I am trying to do quality control of gene expression data. I am running a script to get sample info,tissues and sequencing method used from SampleattributesDS.txt file. The script:
#!/bin/bash/python
from collections import defaultdict
import gzip
def get_ids_from_vcf(vcf_file):
with gzip.open(vcf_file) as fh:
for line in fh:
line = line.decode('utf-8')
if not line.startswith("##"):
break
sample_ids = line.strip().split()[9:]
return set(sample_ids)
vcf_file = '/new_rna-seq/quality_Control/chr22_annotate.vcf.gz'
vcf_sample_ids = get_ids_from_vcf(vcf_file)

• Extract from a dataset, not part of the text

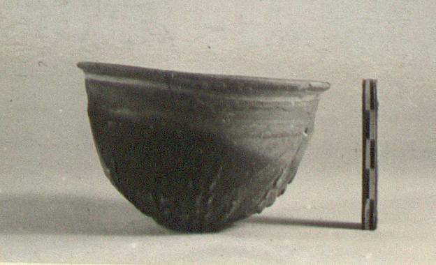 Description:   Small bowl mended from several pieces; part of wall missing. Restored in plaster. Large rosette, indistinct in medallion; a scraped band around, slightly raised to form a foot. Rough chevron-leaf motifs alternating with plain spikes, reaching only part way up wall. Rough, slightly raised band at top of wall; no upper decorative zone.
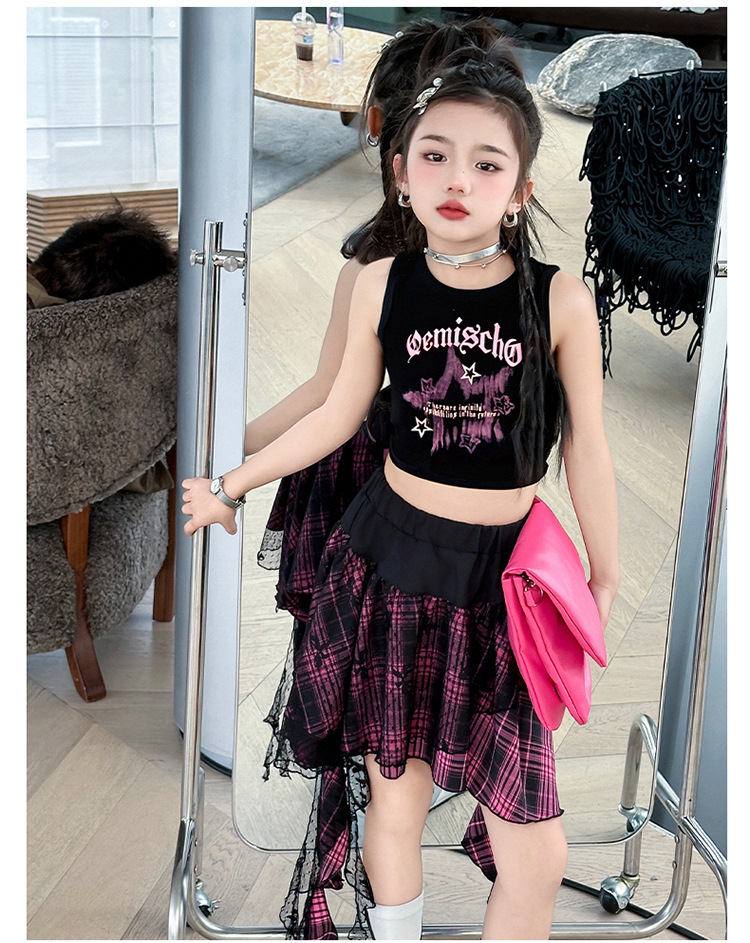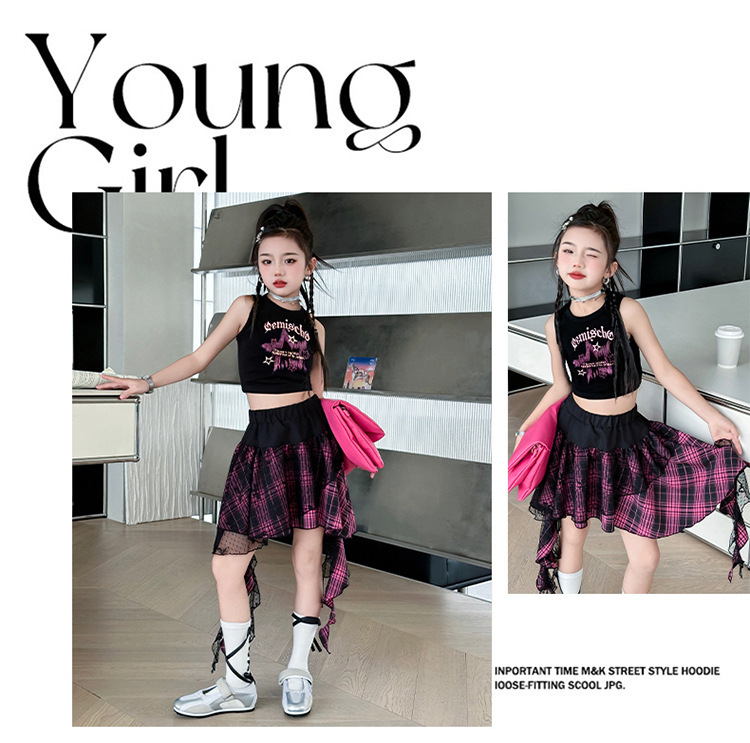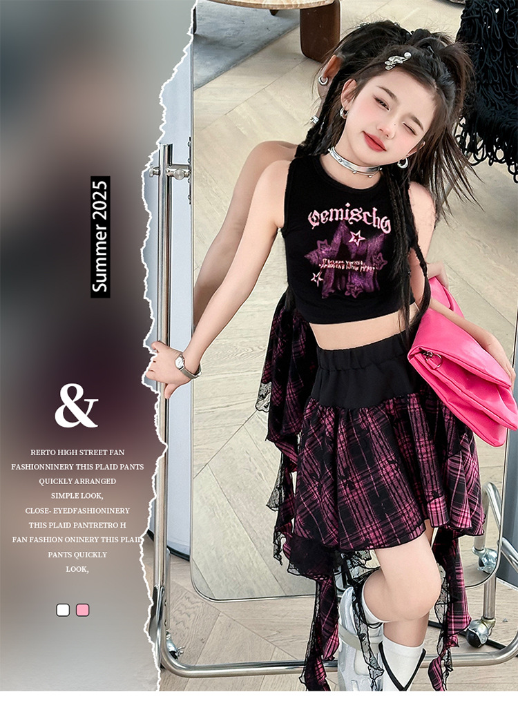 여자 반팔 스커트 정장 여름 2025 새로운 스타일 여자 거즈 스커트 큰 어린이 여름 짧은 치마 투피스 세트스토어 가기

tissue_donors = defaultdict(list)
samples_file = '/new_rna-seq/quality_Control/GTEx_Analysis_v8_Annotations_SampleAttributesDS.txt'
with open(samples_file) as fh:
hdr = fh.readline() # Drop header
for line in fh:
if line == '' or line == '\n':
continue
fields = line.strip().split('\t')
sample_id = fields[0]
tissue = fields[13]
frz = fields[26]
donor_id = '-'.join(sample_id.split('-')[:2])
if donor_id in vcf_sample_ids and frz == 'RNASEQ':
tissue_donors[tissue].append(sample_id + '\n')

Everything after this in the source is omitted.